Self Expression Magazine

He Finally Admits He’s a Writer

By Shrinkingthecamel

He Finally Admits He’s a WriterA couple weeks ago I was sitting in a circle with a small group of business men in a second-story room of a downtown church, which, come to think of it, could have easily been confused with any number of those anonymous addiction groups. Instead, these fine gentlemen had gathered to discuss my e-book, At Work as it is in Heaven. They wanted to learn a little background about how I, a business executive, had come to write it, and all.

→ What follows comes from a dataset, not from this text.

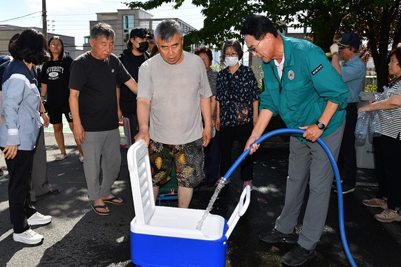 이순걸 군수는 “갑작스런 폭우로 인한 단수 사태로 피해를 겪으신 주민 여러분께 정말 송구하다는 말씀을 올린다”며 “현재 가용한 모든 자원과 행정력을 총동원하고 있으나 미흡한 부분이 있어 죄송스럽게 생각한다. 신속하게 물 공급이 재개될 수 있도록 총력을 다하겠다”고 밝혔다.

“Well,” I began, with a great deal of conviction and worldly j’ ne se qua flair, “Although I pursued a career in management, there was always this incessant need for creative expression, and soon enough it just got the best of me. You see, I am a writer, and – ”

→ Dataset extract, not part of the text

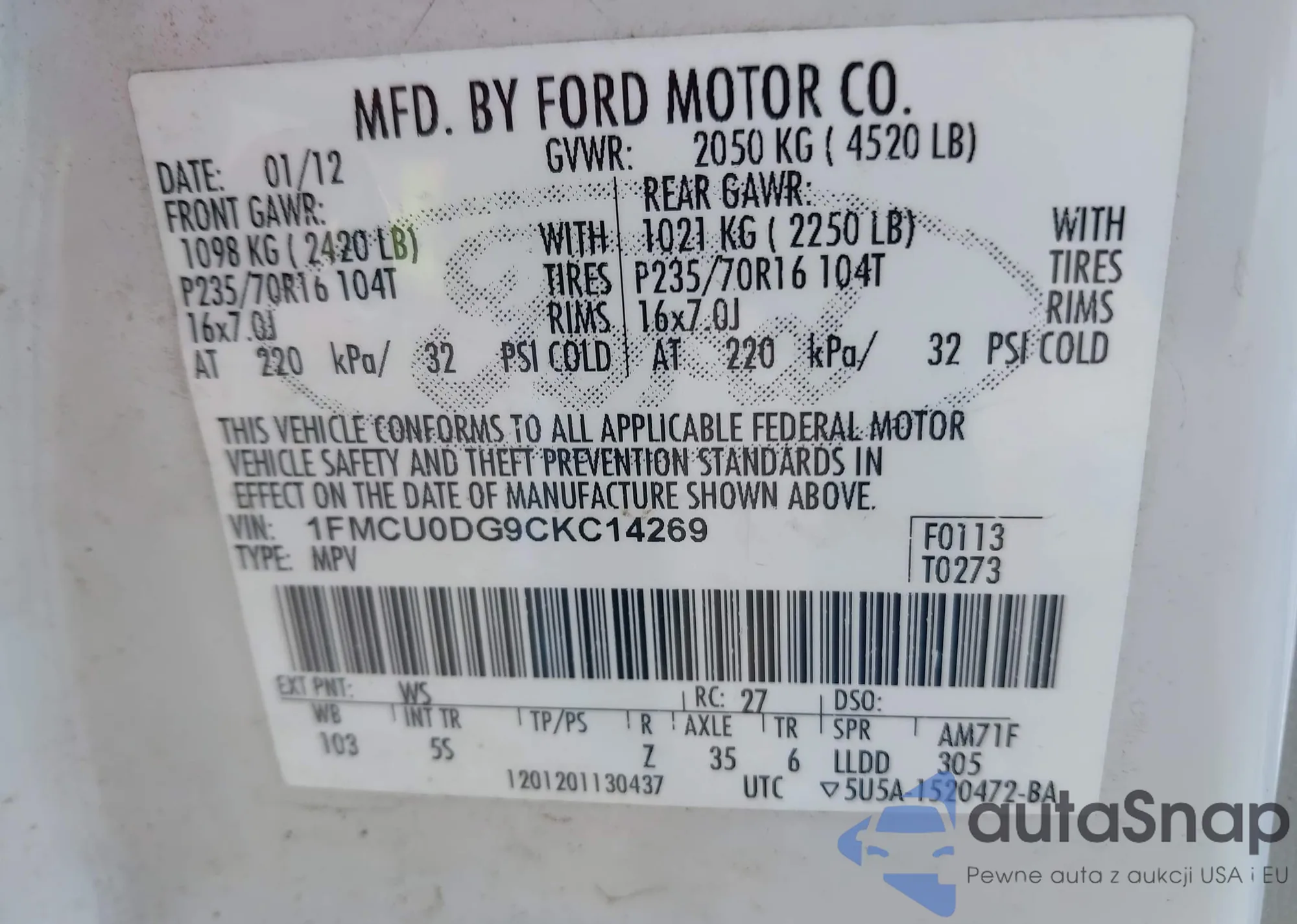 • VIN 1FMCU0DG9CKC14269

At this point I paused for a moment, surprised, as if I had just confessed out loud something I hardly dared admit to myself. I stared blankly out the window, gazing at the rooftops descending beneath, and then continued quite slowly and deliberately with the following statement: “- and writers are a strange bunch.”

How else to explain the awkward compulsion to document in great detail one’s innermost thoughts and feelings, only to publish for all to see as if there was some profound wisdom there to be gained for the world’s benefit? I figured it best to provide an explanation before they beat me to the punch, since they were surely thinking it.

Up until this point, I had trouble actually considering myself as a writer. It’s one thing to say, “Oh, yes, I’ve authored a book,” or to mention that I wrote an article somewhere, but to call myself a writer, well, it just sounds pretentious. Like, next thing you know I’ll be wearing a beret and smoking a pipe. I am not well-known for writing, nor am I all that talented or original, and it certainly does not provide a full time living. It’s a hobby, that’s all; just a little past-time.

Plus, well, I’ve gotten to see some of these people, these writers, up close, and they are by all appearances a desperate and insecure lot, clawing for attention at every turn to prop up an otherwise fragile self-esteem. Hey, you! Look at my blog! Look at my e-book! Be enriched from my transparency and spiritual wisdom! Please like me! Anyways, it scared me how much I fit right in.

I may feel somewhat self-conscious, but, hey, there are plenty of other people involved in far stranger activities. I know many who wake up in a hut in the wilderness at four in the morning to sit in a tree stand all day with a gun or bow, waiting for a buck to appear. Or how about that colleague with a great passion for collecting historical real estate deeds? Weird. Others participate in sadistic ironman marathons. We all have our sick methods of coping.

And whose business is it anyway if I want to think of myself as a writer, among other things? I am not defined by just one calling. I suppose “writer” is one of many identities I’ve accumulated or shed over the years, adapting like a new species to its shifting environment.

I’m adapting to the second half of life, you might say.

But, really, I’m over it. I will bravely face the harsh truth.